ただし、役員賞与については、「利益分配による利益処分」と判断されてしまうため、損金算入できないので注意が必要です。

役員の報酬や退職金は制限付きで損金として認められる

役員賞与は損金として算入できませんが、役員報酬や役員退職金は「認められる範囲」という制限付きで損金に算入できます。制限付きである理由としては、あまりに過大な報酬について全額損金として認めてしまうと、悪用される可能性が考えられるためです。しかし、認められる範囲といっても実際に法律で決定されているものではなく、判断基準が難しいのが現状です。

役員退職金は

退職時時点の月額役員報酬×在任年数×功績倍率

といった形式で求められるのが一般的です。

退職金として支払われることで、受け取る役員個人が支払う税金にも優遇措置があるため、受け取る側のメリットも大きいでしょう。
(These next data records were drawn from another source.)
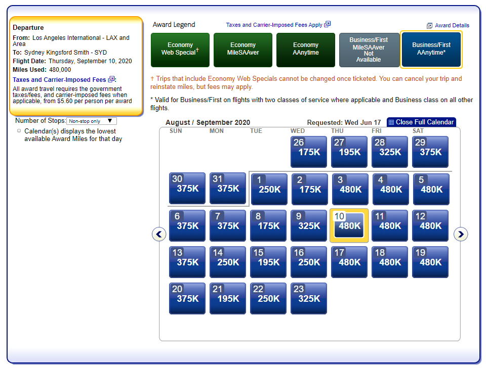 While there are some award sales available on select routes for limited times, most people associated dynamic pricing with the extreme upper end, such as American Airlines now charging 480,000 miles for a one-way business class award between the U.S. and Australia.
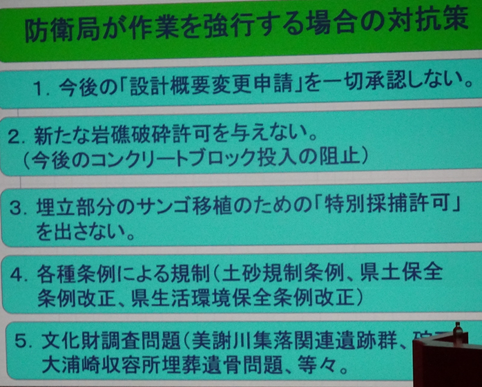 国は24億円かけて違法な調査をし、サンゴを壊した。高江の配備はオスプレイ無しでアセスしたが、辺野古では、国民が意見を言える期間が終わった後に、オスプレイ配備を出して来た。
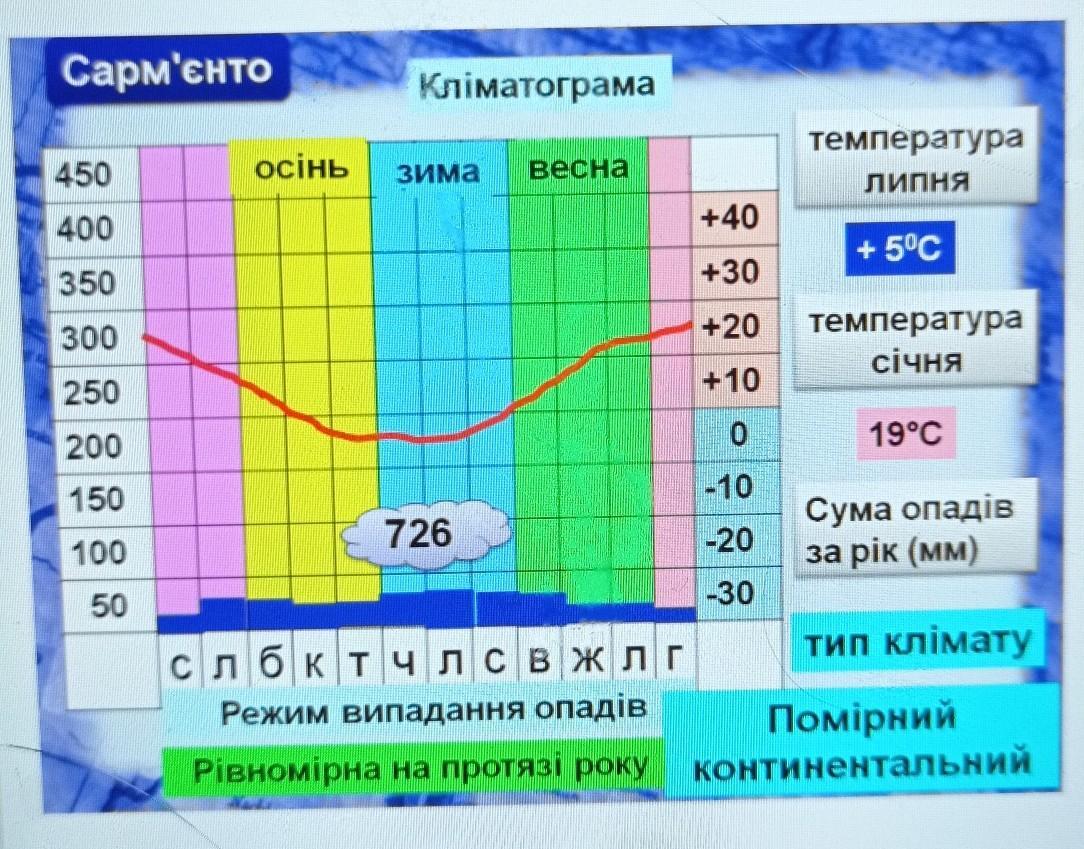 Як видно з кліматограми, температура січня +19°, липня +5°, середньорічна кількість опадів 726 мм.

また、役員報酬については、会社経営上、役員の仕事に対し支払うべき対価であるため、「利益分配」という判断はされません。従業員の給与と同様に人件費として扱うことができます。

交際費

交際費は会社の規模によって損金に算入できます。具体的には「資本金もしくは出資金の額が1億円以下の企業」であれば損金としての算入が可能。中小企業の場合はこれに該当するケースが多いでしょう。交際費は「仕事上で付き合いがある人へのおもてなし(接待交際費)」であることが求められるため、自分や家族との食費などは交際費としては認められません。

接待交際費は、「年間800万円まで」もしくは「飲食に関わる費用の50%」までが経費として認められる範囲です。つまり、年間で接待による飲食代が1,600万円を超える場合には、飲食費の50%を採択することでより多くの費用を損金算入できることになります。

また、企業の規模に関係なく、1人当たり5,000円までの金額が交際費から除かれます。この場合は「会議費」として損金算入します。